When yeast cells are exposed to 42°C, a strong stress response occurs and transcription of HS genes is strongly induced. HS transcripts are then selectively exported, while export of the bulk polyA+ RNA is blocked (Saavedra et al., 1996, 1997). A similar pattern was observed after stressing cells with 10% ethanol (Saavedra et al., 1996). The role of Rpb4p in poly(A)+ RNA at 37°C led us to determine if Rpb4p is required also for HS mRNA export at 42°C. To this end, we used in situ hybridization to examine the localization of SSA4 mRNA, encoding one of the yeast Hsp70 proteins. As expected, very little SSA4 mRNA was visible when these cells were grown at 22°C (Figure 7A, see columns designated 0, and Figure 7B, 22°C panels). After a shift to 42°C, SSA4 mRNA was not produced in cells lacking RPB4 (Figure 7, A and B, strain MC11-1). In cells expressing WT Rpb4p, GFP-Rpb4p, or class II mutant Rpb4p, SSA4 mRNA was produced and readily detected.
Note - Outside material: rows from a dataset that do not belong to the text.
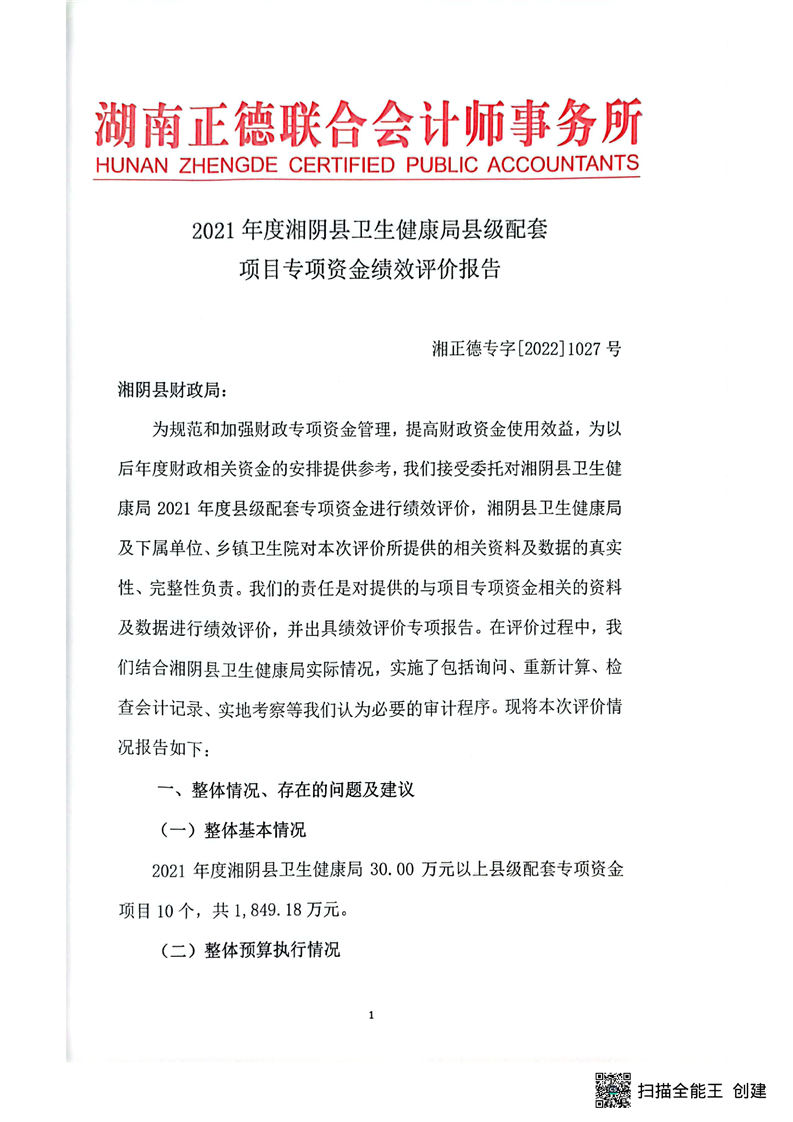 2021年度湘阴县卫生健康局县级配套项目专项资金绩效评价报告
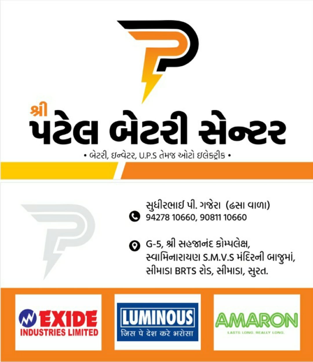 Shree Patel Battery Center dealing all types of Automobile and Inverter Batteries also have done Auto Electric works. For more details please contact us on 9427810660
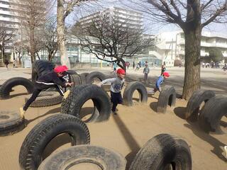校庭のタイヤゾーンには、何個タイヤがあるでしょう?寒さに負けず、元気に遊んでいます。
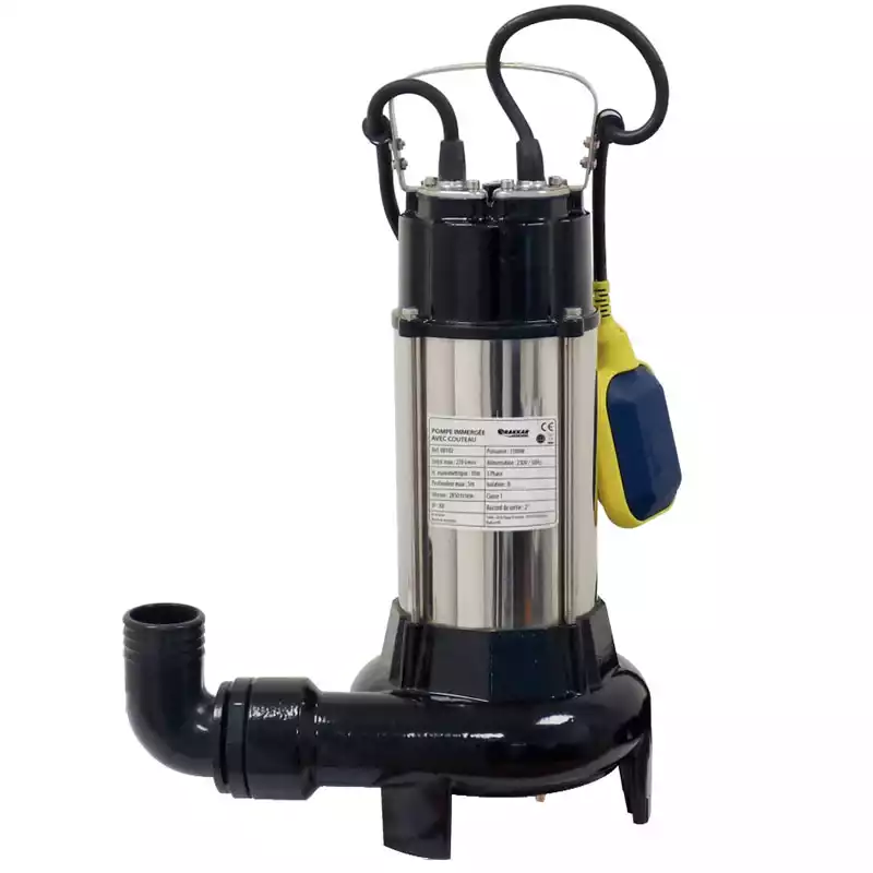 Pompe à eau immergée automatique fonte avec couteau 230 V 1100 W avec flotteur. Avec couteau rotatif 3 lames. Contrôlée par flotteur. Pompe immergée avec corps en acier/inox et fonte.
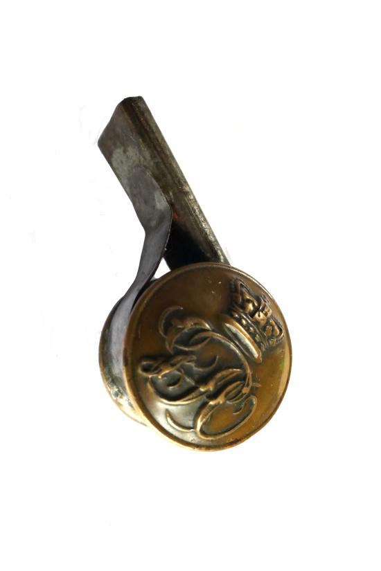 A good and original example of a General Post Office Telegram Messenger's whistle. Known to collectors as an "escargot" or "button whistle", this one is in perfect sleepy condition and loud working order. It was very likely purchased from Hudson's, the main supplier of whistles to the government.
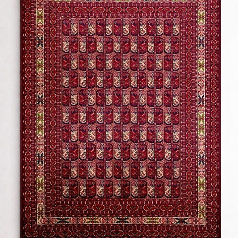 Handknuten matta i ull med ett blommigt mönster. Mattan har en gråblå bottenfärg med detaljer i flera färger. Fransar finns i mattans kortsidor. Mått 181x125 cm. Finns i Stockholm
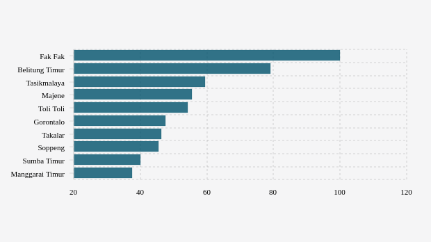 Wilayah di luar Jawa dengan nilai BOR tertinggi beberapa di antaranya adalah Fak Fak, Belitung Timur dan Majene dengan masing-masing BOR yakni 100 persen, 78,95 persen dan 55,36 persen.
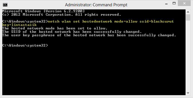 Selanjutnya anda ketikkan netsh wlan set hostednetwork mode=allow ssid=<nama wireless sharing> key=<password / security>. ssid ini akan tampil ketika anda melakukan scaning jaringan wireless di perangkat lain, dan key untuk security-nya, disesuaikan dengan kebutuhan anda.

However, cellular distribution of the SSA4 transcript was dependent on the nature of Rpb4p. In cells carrying WT-Rpb4p or WT GFP-Rpb4p, SSA4 mRNA was exported and detected in the cytoplasm as early as 15 min after temperature shift (Figure 7A, strains SUB62 and YTN1, and Figure 7B, SUB62 panel). In contrast, strong nuclear accumulation of SSA4 mRNA was detected within 15 min after shifting isogenic cells expressing GFP-Rpb4-2p or GFP-Rpb4-3p (class II mutants) to 42°C (Figure 7A, strains YTN25 and YTN73, 15 min; Figure 7B YTN25 panel). Thus, class II mutants are defective not only in export of the bulk poly(A)+ RNA at 37°C (Figure 6), but also in the export of SSA4 mRNA at 42°C. The two class II mutants differed in their penetrance. Although cells expressing GFP-rpb4-2 were almost completely defective in SSA4 mRNA export, those expressing GFP-rpb4-3 supported SSA4 mRNA export but at a reduced rate. Consequently, cytoplasmic SSA4 mRNA could be detected in cells expressing GFP-rpb4-3, but only after 60 min at 42°C (Figure 7A, cf. strains YTN25 and YTN73, 60-min), reflecting a partial export block.

Figure 7.

Figure 7.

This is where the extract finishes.